In this Jan. 14, 1995 photo, a wolf leaps across a road into the wilds of Central Idaho. (Doug Pizac / AP)
In this Jan. 14, 1995 photo, a wolf leaps across a road into the wilds of Central Idaho. (Doug Pizac / AP)

Where and how the federal government may kill Idaho wolves has been curtailed, at least temporarily.

According to a settlement filed in the 9th Circuit Court of Appeals on Wednesday, the U.S. Department of Agriculture’s Wildlife Services may not kill wolves in Idaho’s wilderness areas, in the Sawtooth or Hells Canyon National Recreation Areas, and in portions of the Sawtooth Valley and Wood River Valley.

Wildlife Services also may not kill wolves in an effort to boost or protect deer and elk numbers, nor use cyanide traps or snare traps to kill wolves.

The settlement stems from a 2016 lawsuit arguing that the federal agency’s wolf-killing protocol violated the National Environmental Policy Act, in part by not taking into account new research questioning whether killing wolves actually reduces attacks on livestock.

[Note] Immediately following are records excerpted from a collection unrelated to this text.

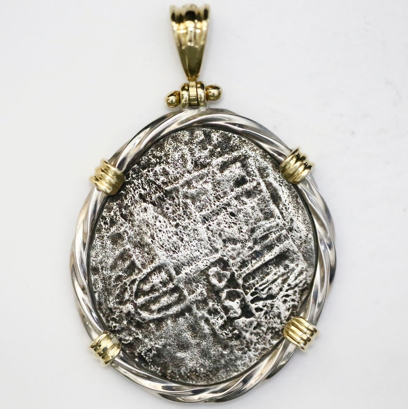 Potosi, Bolivia, cob 8 reales, Philip III, assayer not visible, quadrants of cross transposed, Grade 3, from the Atocha (1622), tag and certificate missing, mounted cross-side out in rope-style silver bezel with 14K gold prongs and shackle bail. 26.21 grams total. Partial cross and shield, some areas weak from corrosion, dark toning in recessed areas. From the Atocha (1622), Fisher database #99A-56911.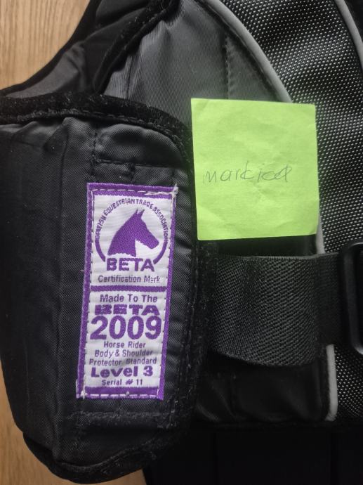 Prodaje se dječji zaštitni prsluk za jahanje tj. štitnik za leđa. Jednostavno izgleda kao mala pancirka.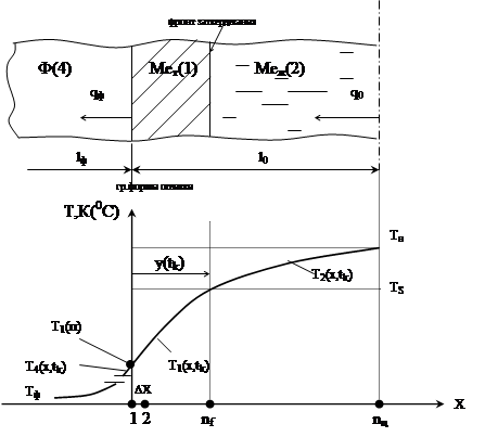Удельная теплота кристаллизации L(Дж/кг) выделяется только на фронте затвердевания (nf) - условие Стефана;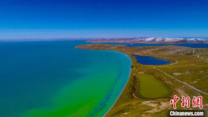 圖為無人機(jī)航拍黃河源頭瑪多湖泊一角。多太 攝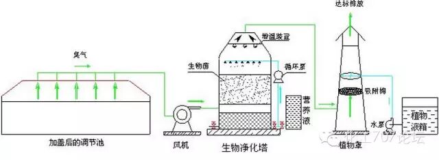臭气处理方式大全恶臭物质种类繁多,来源广泛,对人体呼吸、消化、心血管、内分泌及神经系统都会造成不同程度的毒害,其中芳香族化合物如苯、甲苯、苯乙烯等还能使人体产生畸变、癌变。所以,清除恶臭气体是一项非常重要的技术。今天小七罗列了各种除臭方法,大家看看哪种除臭技术是除臭NO.1。 一、脱臭方法:掩蔽法 脱臭原理:采用更强烈的芳香气味与臭气掺和,以掩蔽臭气,使之能被人接收 适用范围:适用于需立即地、暂时地消除低浓度恶臭气体影响的场合,恶臭强度2.5左右,无组织排放源 优点:可尽快消除恶臭影响,灵活性大,费用低 缺点:恶臭成分并没有被去除 二、脱臭方法:稀释扩散法 脱臭原理:将有臭味地气体通过烟囱排至大气,或用无臭空气稀释,降低恶臭物质浓度以减少臭味 适用范围:适用于处理中、低浓度的有组织排放的恶臭气体 优点:费用低设备简单 缺点:易受气象条件限制,恶臭物质依然存在 三、脱臭方法:热力燃烧法、催化燃烧法 脱臭原理:在高温下恶臭物质与燃料气充分混和,实现完全燃烧 适用范围:适用于处理高浓度、小气量的可燃性气体 优点:净化效率高,恶臭物质被彻底氧化分解 缺点:设备易腐蚀,消耗燃料,处理成本高,易形成二次污染 四、脱臭方法:水吸收法 脱臭原理:利用臭气中某些物质易溶于水的特性,使臭气成分直接与水接触,从而溶解于水达到脱臭目的 适用范围:水溶性、有组织排放源的恶臭气体 优点:工艺简单,管理方便,设备运转费用低 缺点:产生二次污染,需对洗涤液进行处理;净化效率低,应与其他技术联合使用,对硫醇,脂肪酸等处理效果差 五、脱臭方法:药液吸收法 脱臭原理:利用臭气中某些物质和药液产生化学反应的特性,去除某些臭气成分 适用范围:适用于处理大气量、高中浓度的臭气 优点:能够有针对性处理某些臭气成分,工艺较成熟 缺点:净化效率不高,消耗吸收剂,易形成而二次污染 六、脱臭方法:吸附法 脱臭原理:利用吸附剂的吸附功能使恶臭物质由气相转移至固相 适用范围:适用于处理低浓度,高净化要求的恶臭气体 优点:净化效率很高,可以处理多组分恶臭气体 缺点:吸附剂费用昂贵,再生较困难,要求待处理的恶臭气体有较低的温度和含尘量 七、脱臭方法:生物滤池式脱臭法 脱臭原理:恶臭气体经过去尘增湿或降温等预处理工艺后,从滤床底部由下向上穿过由滤料组成的滤床,恶臭气体由气相转移至水—微生物混和相,通过固着于滤料上的微生物代谢作用而被分解掉 适用范围:目前研究最多,工艺最成熟,在实际中也最常用的生物脱臭方法。又可细分为土壤脱臭法、堆肥脱臭法、泥炭脱臭法等。 优点:处理费用低 缺点:占地面积大,填料需定期更换,脱臭过程不易控制,运行一段时间后容易出现问题,对疏水性和难生物降解物质的处理还存在较大难度。 八、脱臭方法:生物滴滤池式 脱臭原理:原理同生物滤池式类似,不过使用的滤料是诸如聚丙烯小球、陶瓷、木炭、塑料等不能提供营养物的惰性材料。 适用范围:只有针对某些恶臭物质而降解的微生物附着在填料上,而不会出现生物滤池中混和微生物群同时消耗滤料有机质的情况 优点:池内微生物数量大,能承受比生物滤池大的污染负荷,惰性滤料可以不用更换,造成压力损失小,而且操作条件极易控制 缺点:需不断投加营养物质,而且操作复杂,使得其应用受到限制 九、脱臭方法:洗涤式活性污泥脱 脱臭原理:将恶臭物质和含悬浮物泥浆的混和液充分接触,使之在吸收器中从臭气中去除掉,洗涤液再送到反应器中,通过悬浮生长的微生物代谢活动降解溶解的恶臭物质 适用范围:有较大的适用范围 优点:可以处理大气量的臭气,同时操作条件易于控制,占地面积小 缺点:设备费用大,操作复杂而且需要投加营养物质 十、脱臭方法:曝气式活性污泥脱臭法 脱臭原理:将恶臭物质以曝气形式分散到含活性污泥的混和液中,通过悬浮生长的微生物降解恶臭物质 适用范围:适用范围广,目前日本已用于粪便处理场、污水处理厂的臭气处理 优点:活性污泥经过驯化后,对不超过极限负荷量的恶臭成分,去除率可达99.5%以上 缺点:受到曝气强度的限制,该法的应用还有一定局限 十一、脱臭方法:三相多介质催化氧化工艺 脱臭原理:反应塔内装填特制的固态复合填料,填料内部复配多介质催化剂。当恶臭气体在引风机的作用下穿过填料层,与通过特制喷嘴呈发散雾状喷出的液相复配氧化剂在固相填料表面充分接触,并在多介质催化剂的催化作用下,恶臭气体中的污染因子被充分分解。 适用范围:适用范围广,尤其适用于处理大气量、中高浓度的废气,对疏水性污染物质有很好的去除率。 优点:占地小,投资低,运行成本低;管理方便,即开即用;耐冲击负荷,不易污染物浓度及温度变化影响。 缺点:需消耗一定量的药剂 十二、脱臭方法:低温等离子体技术 脱臭原理:介质阻挡放电过程中,等离子体内部产生富含极高化学活性的粒子,如电子、离子、自由基和激发态分子等。废气中的污染物质与这些具有较高能量的活性基团发生反应,最终转化为CO2和H2O等物质,从而达到净化废气的目的。 适用范围:适用范围广,净化效率高,尤其适用于其它方法难以处理的多组分恶臭气体,如化工、医药等行业。 优点:电子能量高,几乎可以和所有的恶臭气体分子作用;运行费用低;反应快,设备启动、停止十分迅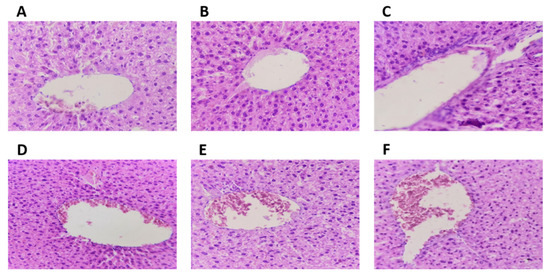 Liver histopathological sections were stained with hematoxylin–eosin–safran at a magnification of ×40: (A) represent the negative control (NaCl 0.9%); (B) represent the reference group treated with clomiphene citrate (10 mg/kg); (C,D) represent ferulic acid groups (5 and 10 mg/kg, respectively); (E,F) represent quercetin groups (5 and 10 mg/kg, respectively).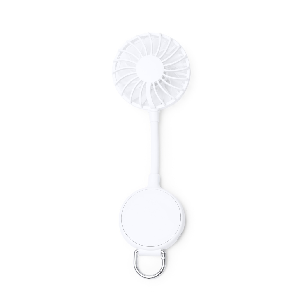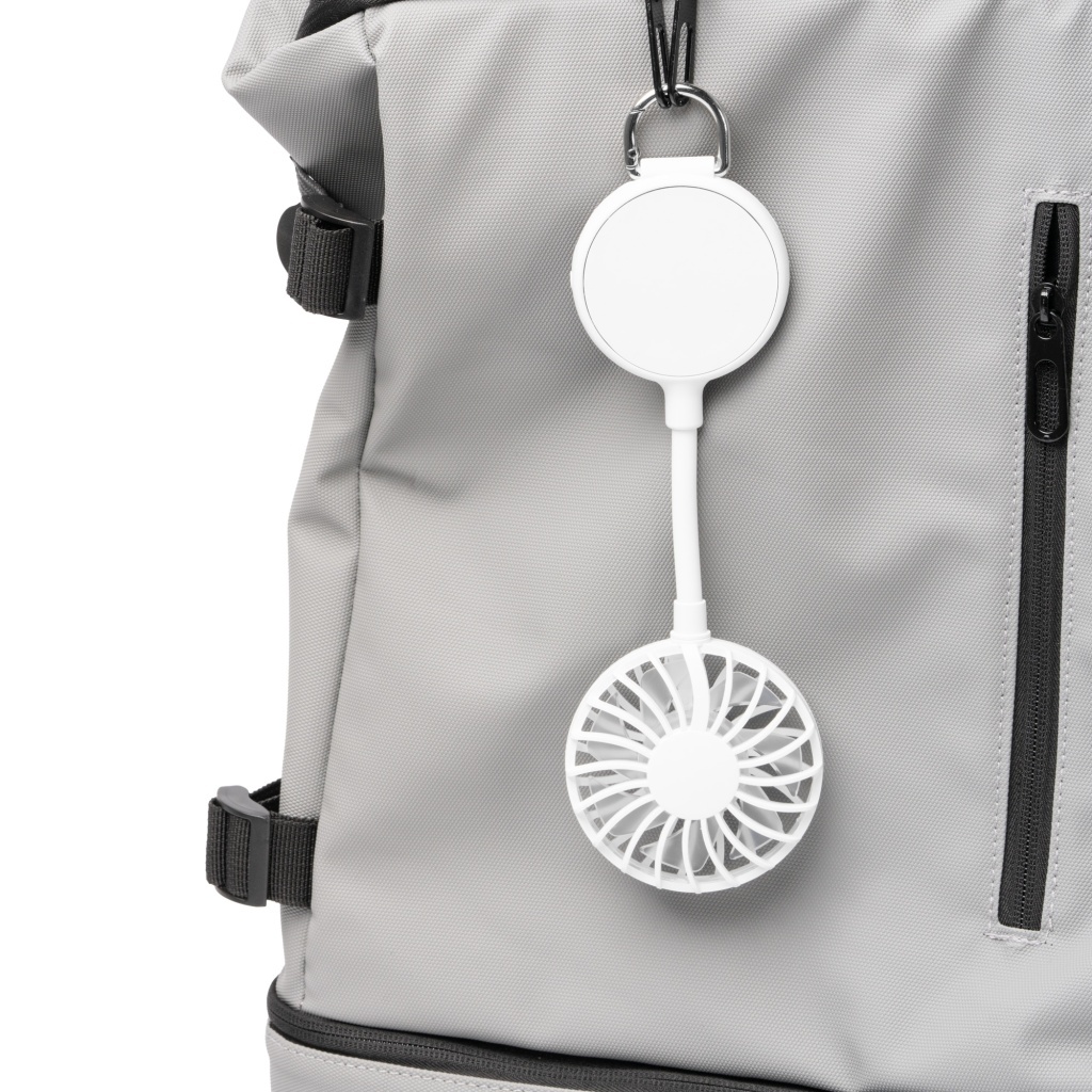 A handheld fan made from recycled ABS plastic, featuring a 500 mAh battery that charges via a cable.

Wildlife Services is tasked with resolving conflicts between humans and wildlife. The agency killed 1.5 million animals in 2018, according to the agency’s data, including 357 wolves.

Per the settlement, the agency still may kill wolves that have attacked livestock on private land if there is documentation. Wildlife Services must also check all wolf traps within 72 hours.

Six environmental groups filed the suit.

A federal judge in Boise initially dismissed the suit, but in April 2019 the 9th Circuit upheld the case, prompting the sides to come to a settlement.

Per the settlement’s agreement, the limitations on wolf killing will last until Wildlife Services completes a new Environmental Impact Statement, a process that could take years.

The environmental groups who filed the lawsuit called it a “key victory for wildlife” in a news release. Those groups are Advocates for the West, the Center for Biological Diversity, Friends of the Clearwater, Predator Defense, Western Watersheds Project and WildEarth Guardians.

Andrea Santarsiere, a senior attorney with the Center for Biological Diversity, noted that the settlement does not affect the Idaho Department of Fish and Game.

In February, the Idaho Fish and Game Commission approved nine proposals to extend wolf hunting and trapping seasons following a two-week public comment period in which the commission received more than 27,000 responses from across the world. In January, IDFG estimated there are more than 1,500 wolves in Idaho. Federal criteria for wolf recovery requires only 150 wolves in the state.

A spokeswoman for Wildlife Services did not respond to emailed questions.